• TASK STATEMENT
Make an exact copy, from the records below, of the lines from the line containing "Hier finden Sie" to the line containing "White v neck", both lines included, excluding pictures.

Dataset excerpts:
________

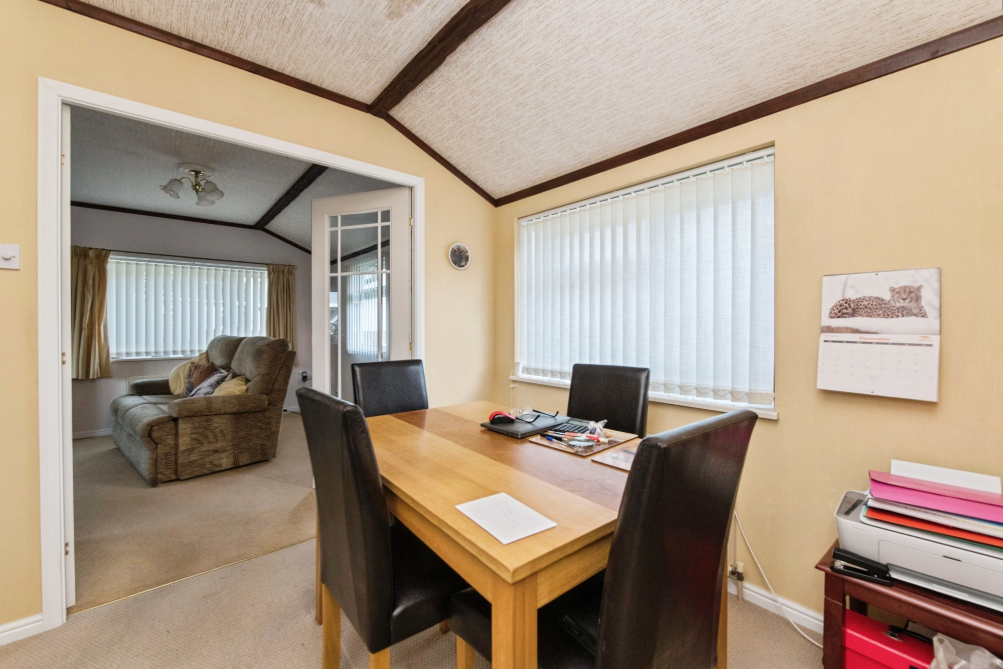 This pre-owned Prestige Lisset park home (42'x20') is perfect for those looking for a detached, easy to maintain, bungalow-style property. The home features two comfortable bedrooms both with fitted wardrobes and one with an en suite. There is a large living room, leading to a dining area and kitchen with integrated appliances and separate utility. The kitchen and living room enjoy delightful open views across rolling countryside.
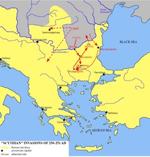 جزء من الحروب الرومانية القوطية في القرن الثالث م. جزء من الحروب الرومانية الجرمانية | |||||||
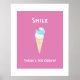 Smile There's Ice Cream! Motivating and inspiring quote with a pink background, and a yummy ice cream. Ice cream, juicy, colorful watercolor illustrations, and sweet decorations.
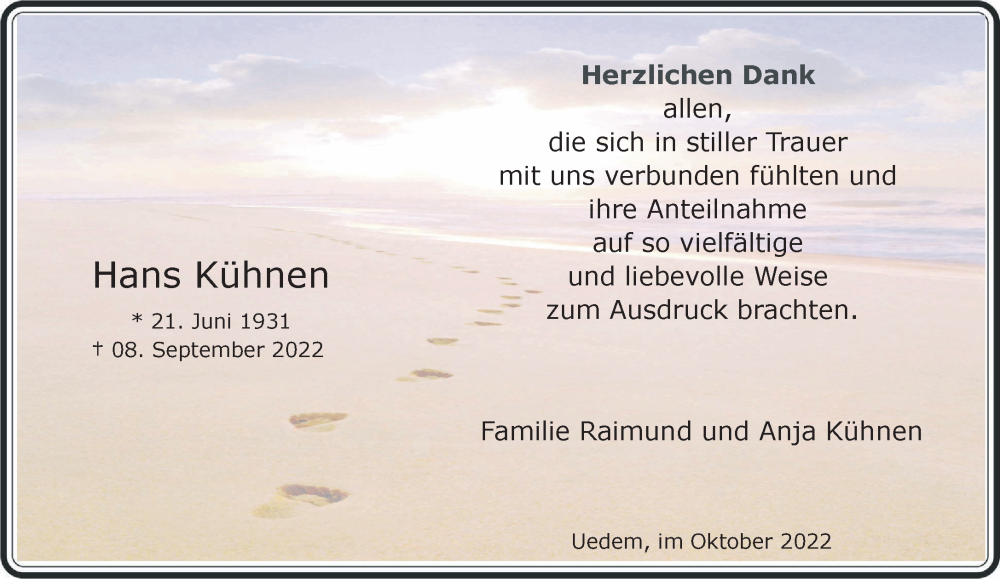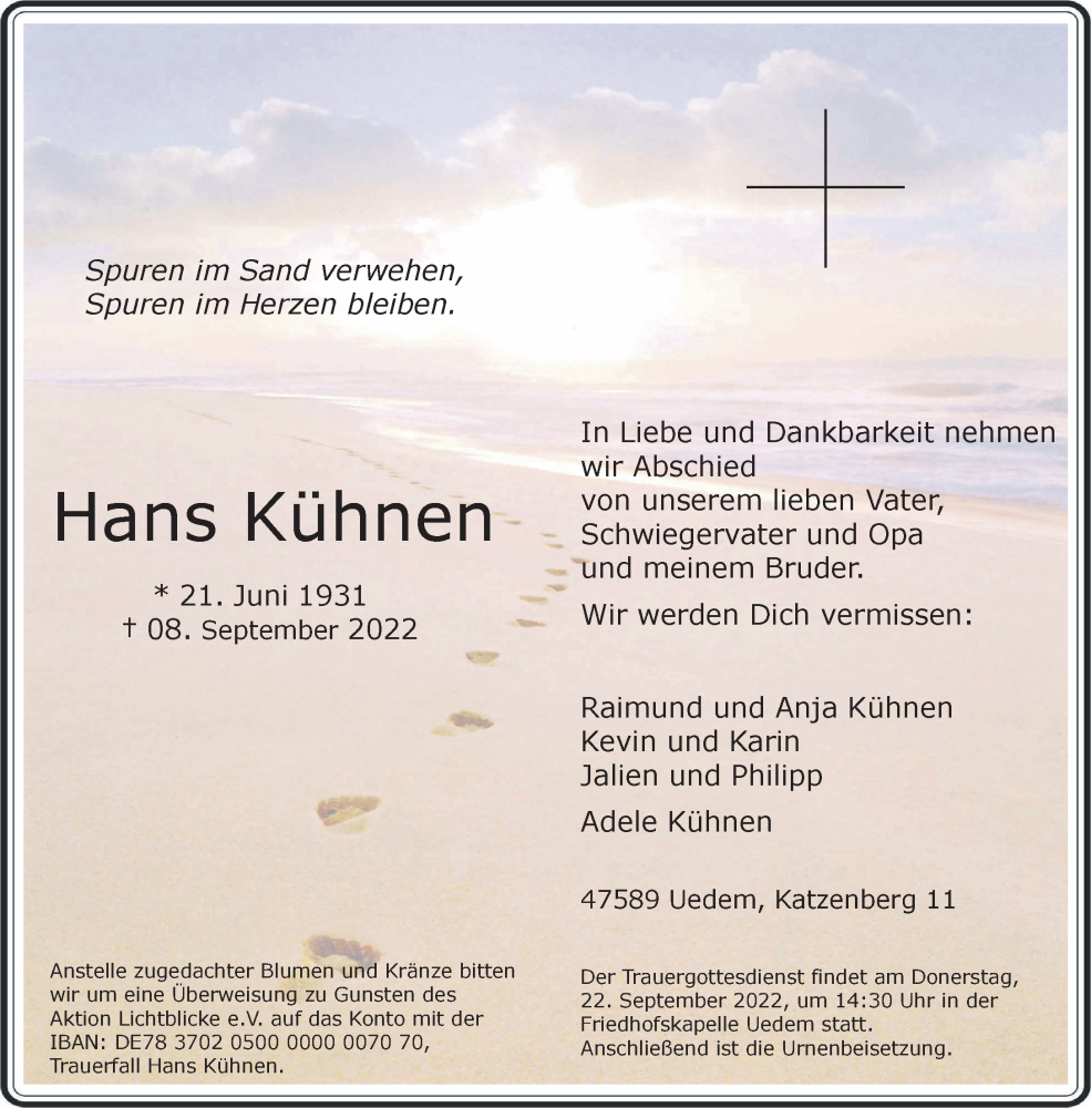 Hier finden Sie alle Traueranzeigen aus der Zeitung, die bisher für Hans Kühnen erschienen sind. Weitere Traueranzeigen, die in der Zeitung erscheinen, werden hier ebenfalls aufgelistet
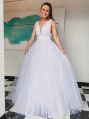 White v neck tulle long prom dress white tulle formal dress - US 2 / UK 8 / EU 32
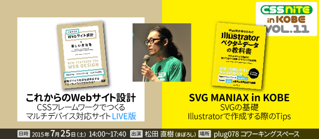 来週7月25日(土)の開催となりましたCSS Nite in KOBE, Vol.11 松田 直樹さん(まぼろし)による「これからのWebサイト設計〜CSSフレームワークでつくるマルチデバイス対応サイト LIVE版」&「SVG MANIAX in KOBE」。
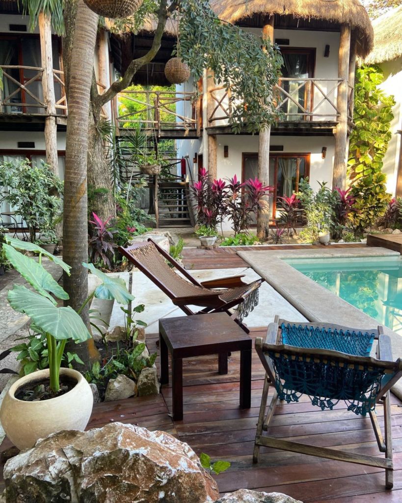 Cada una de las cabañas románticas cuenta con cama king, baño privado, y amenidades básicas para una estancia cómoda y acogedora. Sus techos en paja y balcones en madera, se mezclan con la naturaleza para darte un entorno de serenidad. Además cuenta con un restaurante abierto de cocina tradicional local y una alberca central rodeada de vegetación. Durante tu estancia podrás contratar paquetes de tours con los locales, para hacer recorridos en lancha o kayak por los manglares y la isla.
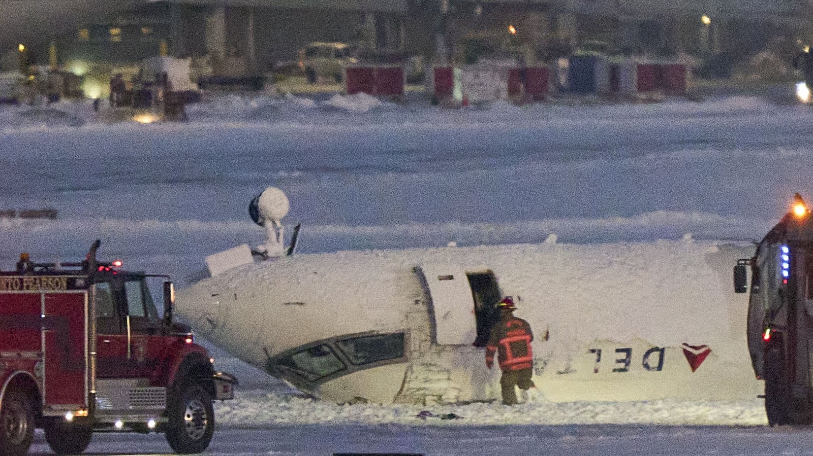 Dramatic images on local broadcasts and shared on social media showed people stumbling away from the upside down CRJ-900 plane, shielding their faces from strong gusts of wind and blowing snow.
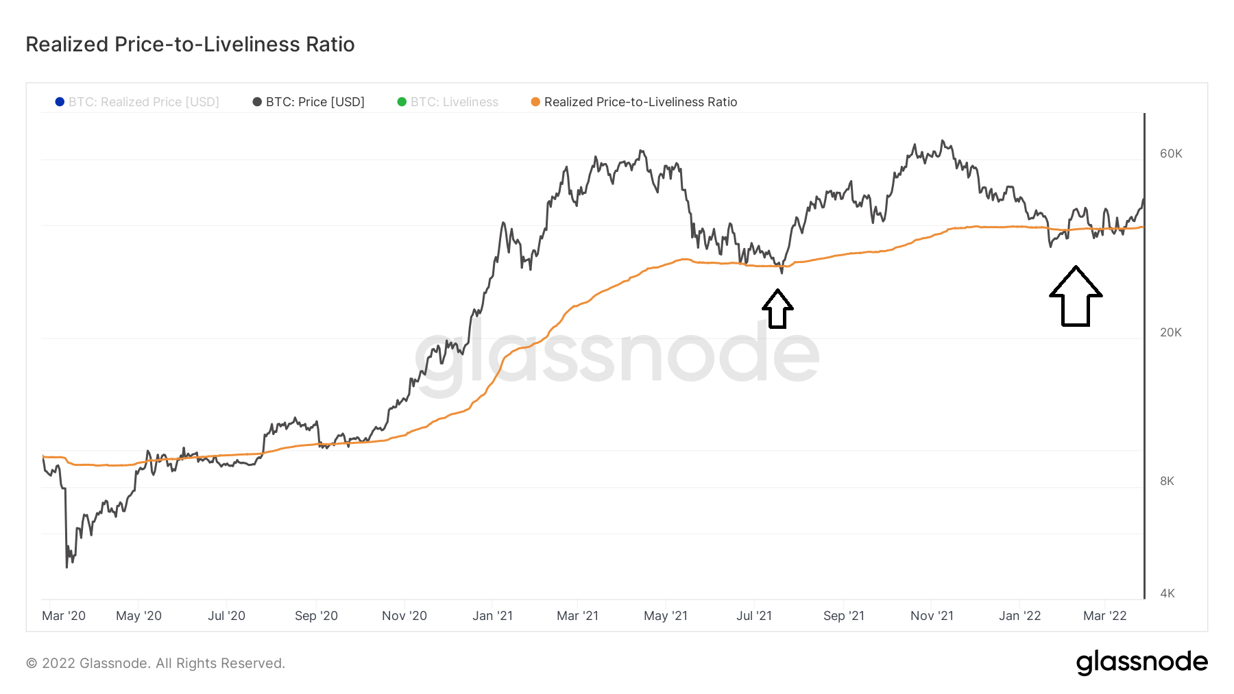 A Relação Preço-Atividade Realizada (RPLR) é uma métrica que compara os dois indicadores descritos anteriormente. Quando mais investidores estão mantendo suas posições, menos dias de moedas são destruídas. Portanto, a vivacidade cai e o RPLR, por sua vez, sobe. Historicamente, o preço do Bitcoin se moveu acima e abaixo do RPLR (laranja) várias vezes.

________

• SOLUTION TO THIS EXERCISE
 Hier finden Sie alle Traueranzeigen aus der Zeitung, die bisher für Hans Kühnen erschienen sind. Weitere Traueranzeigen, die in der Zeitung erscheinen, werden hier ebenfalls aufgelistet
 White v neck tulle long prom dress white tulle formal dress - US 2 / UK 8 / EU 32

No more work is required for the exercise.